Data provided:
((
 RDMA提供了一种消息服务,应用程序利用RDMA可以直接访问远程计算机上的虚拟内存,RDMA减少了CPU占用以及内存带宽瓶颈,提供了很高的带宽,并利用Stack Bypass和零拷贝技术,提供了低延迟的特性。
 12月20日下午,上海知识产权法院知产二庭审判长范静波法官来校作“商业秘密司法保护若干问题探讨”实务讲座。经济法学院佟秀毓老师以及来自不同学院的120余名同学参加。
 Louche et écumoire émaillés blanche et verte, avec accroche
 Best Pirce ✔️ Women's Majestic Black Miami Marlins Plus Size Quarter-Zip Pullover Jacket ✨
))
((
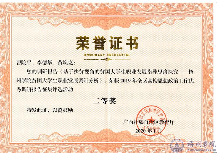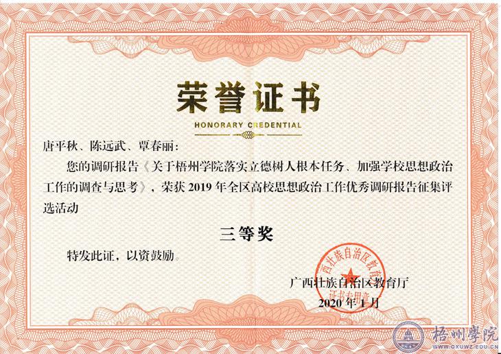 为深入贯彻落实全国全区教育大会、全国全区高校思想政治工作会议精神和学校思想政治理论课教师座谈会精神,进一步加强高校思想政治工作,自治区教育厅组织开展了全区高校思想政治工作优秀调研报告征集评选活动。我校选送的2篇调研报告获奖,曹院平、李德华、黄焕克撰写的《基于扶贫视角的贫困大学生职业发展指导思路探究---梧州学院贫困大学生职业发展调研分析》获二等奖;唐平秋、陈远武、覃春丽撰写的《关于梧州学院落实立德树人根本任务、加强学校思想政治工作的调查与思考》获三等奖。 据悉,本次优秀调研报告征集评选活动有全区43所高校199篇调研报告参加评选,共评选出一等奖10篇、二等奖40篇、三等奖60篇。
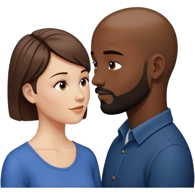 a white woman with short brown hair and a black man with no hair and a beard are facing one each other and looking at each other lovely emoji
))
What to work on:
Your answer should consist solely of the lines above from the line with "RDMA提供了一种消息服务,应用程序利用" to the line with "Louche et écumoire", both included, reproduced exactly.

Your solution:
 RDMA提供了一种消息服务,应用程序利用RDMA可以直接访问远程计算机上的虚拟内存,RDMA减少了CPU占用以及内存带宽瓶颈,提供了很高的带宽,并利用Stack Bypass和零拷贝技术,提供了低延迟的特性。
 12月20日下午,上海知识产权法院知产二庭审判长范静波法官来校作“商业秘密司法保护若干问题探讨”实务讲座。经济法学院佟秀毓老师以及来自不同学院的120余名同学参加。
 Louche et écumoire émaillés blanche et verte, avec accroche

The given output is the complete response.